=== DATASET SECTION ===
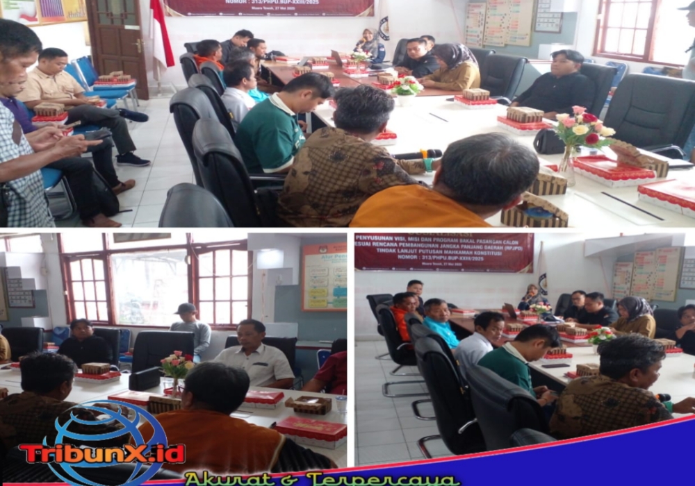 Barito Utara]]TribunX.id, Komisi Pemilihan Umum Kabupaten Barito Utara,kembali menggelar rapat koordinasi sosialisasi penyusunan visi,misi program bakal pasangan calon Bupati dan Wakil Bupati Kabupaten Barito Utara, tindak lanjut pasca putusan Mahkamah Konstitusi Republik Indonesia (MKRI), Nomor : 313/PHPU.BUP-XXIII/2025.
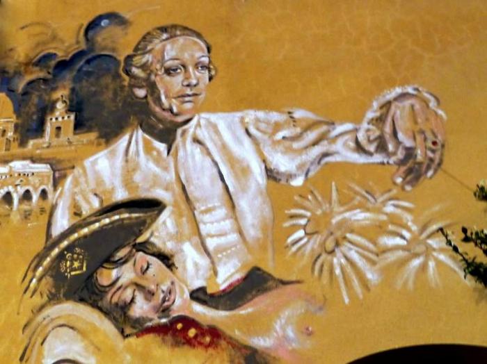 С удовольствием прогулялись по узким мощённым улочкам с разноцветными домиками. Фасады многих из них украшают картины, изображающие эпизоды фильмов Феллини.
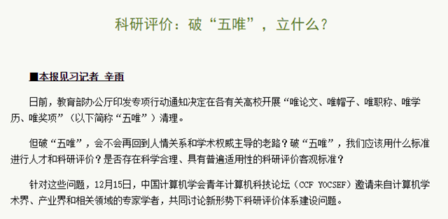 【中國科學(xué)報】科研評價:破“五唯”,立什么?
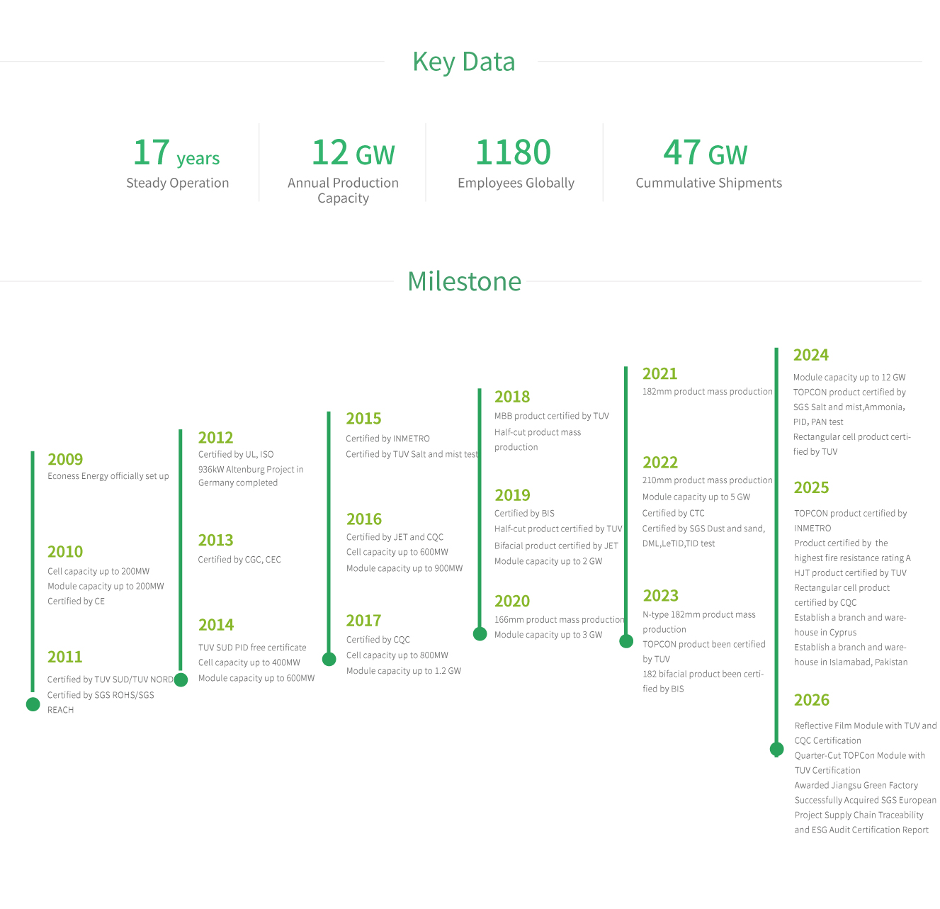 Established in 2009 , Econess Energy is engaged in PV power station development and PV module production. With current annual production capacity of  12GW modules, Econess Energy now distributes its PV products all over the world,such as Germany, Spain, Italy, France, India, Japan ect. As a strong, bankable partner, we are committed to building strategic, mutually beneficial collaboration with installers and developers.

=== TASK OBJECTIVE ===
Reproduce the listing word for word and omit its pictures.

=== WRITTEN ANSWER ===
 Barito Utara]]TribunX.id, Komisi Pemilihan Umum Kabupaten Barito Utara,kembali menggelar rapat koordinasi sosialisasi penyusunan visi,misi program bakal pasangan calon Bupati dan Wakil Bupati Kabupaten Barito Utara, tindak lanjut pasca putusan Mahkamah Konstitusi Republik Indonesia (MKRI), Nomor : 313/PHPU.BUP-XXIII/2025.
 С удовольствием прогулялись по узким мощённым улочкам с разноцветными домиками. Фасады многих из них украшают картины, изображающие эпизоды фильмов Феллини.
 【中國科學(xué)報】科研評價:破“五唯”,立什么?
 Established in 2009 , Econess Energy is engaged in PV power station development and PV module production. With current annual production capacity of  12GW modules, Econess Energy now distributes its PV products all over the world,such as Germany, Spain, Italy, France, India, Japan ect. As a strong, bankable partner, we are committed to building strategic, mutually beneficial collaboration with installers and developers.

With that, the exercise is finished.